Why not Motor? Motor was officially deprecated by MongoDB on May 14, 2025 in favor of the pymongo native async API. Final EOL is May 2027. The recommended migration path is straight to pymongo.AsyncMongoClient.

Other touches:

  • GlobalDependencies.mongodb_client is now AsyncMongoClient; close() is awaited in force_reload / async_shutdown; startup ping is awaited.
  • mongodb_indexes.{ensure,drop_all,get_index_stats} are async def; create_index / drop_indexes / list_indexes are awaited / async-iterated on AsyncCollection.
  • TaskStateRepository.get_by_task_and_agent awaits find_one.
  • Test fixtures (base_mongodb_database, legacy mongodb_database, integration isolated_test_schema) yield an AsyncDatabase so repositories under test consume the same async API as in production.
  • pymongo dep floor bumped to >=4.13 (the GA cut for AsyncMongoClient).

Tests

New agentex/tests/unit/adapters/test_mongodb_adapter.py covering every path the migration touches: create / get / update / delete, batch_create / batch_get, list with pagination + ordering (asc/desc), find_by_field with paging, find_by_field_with_cursor before/after, delete_by_field. 6/6 tests pass against a real MongoDB testcontainer.

Stress-test results

Tested with two images (workers=4 + to_thread, workers=4 + native async) side-by-side, capped to prod-pod size (1 CPU / 2 GiB), against the same local MongoDB seeded with 15 realistic agent documents.

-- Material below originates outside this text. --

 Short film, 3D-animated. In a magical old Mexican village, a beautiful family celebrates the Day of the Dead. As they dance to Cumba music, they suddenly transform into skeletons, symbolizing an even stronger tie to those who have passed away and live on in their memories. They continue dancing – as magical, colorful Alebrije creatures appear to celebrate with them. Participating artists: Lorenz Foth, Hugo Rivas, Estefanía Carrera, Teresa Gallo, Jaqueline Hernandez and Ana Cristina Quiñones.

Reads — 10 000 find() calls per run

concurrency native async (this PR) to_thread baseline ratio
50 8910 r/s 3880 r/s 2.30×
100 8166 r/s 4645 r/s 1.76×
200 7349 r/s 4412 r/s 1.67×
500 5936 r/s 4475 r/s 1.33×
1000 6581 r/s 4440 r/s 1.48×

The to_thread baseline plateaus at ~4400 r/s the moment concurrency exceeds the default ThreadPoolExecutor size — adding more concurrency does nothing because in-flight Mongo ops are bounded by min(32, cpu+4) threads per worker. Native async has no such ceiling; the I/O is truly non-blocking.

Writes — 20 000 (insert_one + find_one) per run

concurrency native async (this PR) to_thread baseline ratio
100 4961 r/s 2652 r/s 1.87×
500 3757 r/s 2463 r/s 1.52×

100 000-request soak (c=200, reads)

native async (this PR) to_thread baseline
elapsed 17.86 s 23.50 s
throughput 5600 r/s 4256 r/s
RSS before 1.003 GiB 1.001 GiB
RSS after 1.003 GiB 1.002 GiB
Mongo failures 0 0

Both memory-stable across 100 k ops; native async is 31 % faster end-to-end on the same workload.

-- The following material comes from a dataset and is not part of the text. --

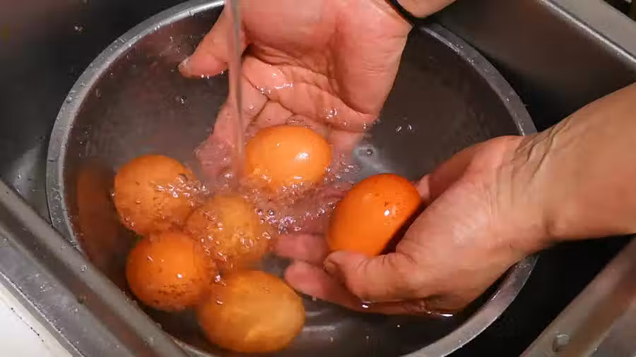 浸泡雞蛋:再取一盆清水,分別加入2勺食鹽和一勺白醋,攪拌均勻後再放入雞蛋浸泡3分鐘。這一步的目的有二:一是利用食鹽的消毒殺菌作用將雞蛋清洗的更乾淨;二是因為雞蛋殼的主要成分是碳酸鈣,加白醋浸泡能夠氧化蛋殼,使蛋殼變軟,就可以防止雞蛋煮的過程中破皮,而且煮好後也更容易去皮。

HTTP layer (/agents, c=100, 5 000 reqs)

This PR delivers ~850 req/s at workers=4 on the local stack; the HTTP layer bottleneck is the Postgres-bound auth middleware and the 1-CPU CPU cap, not the Mongo path. The Mongo-isolated numbers above are the right view of what this PR actually changes — in production with a properly-sized Postgres pool the HTTP-layer ceiling moves to where the Mongo numbers are.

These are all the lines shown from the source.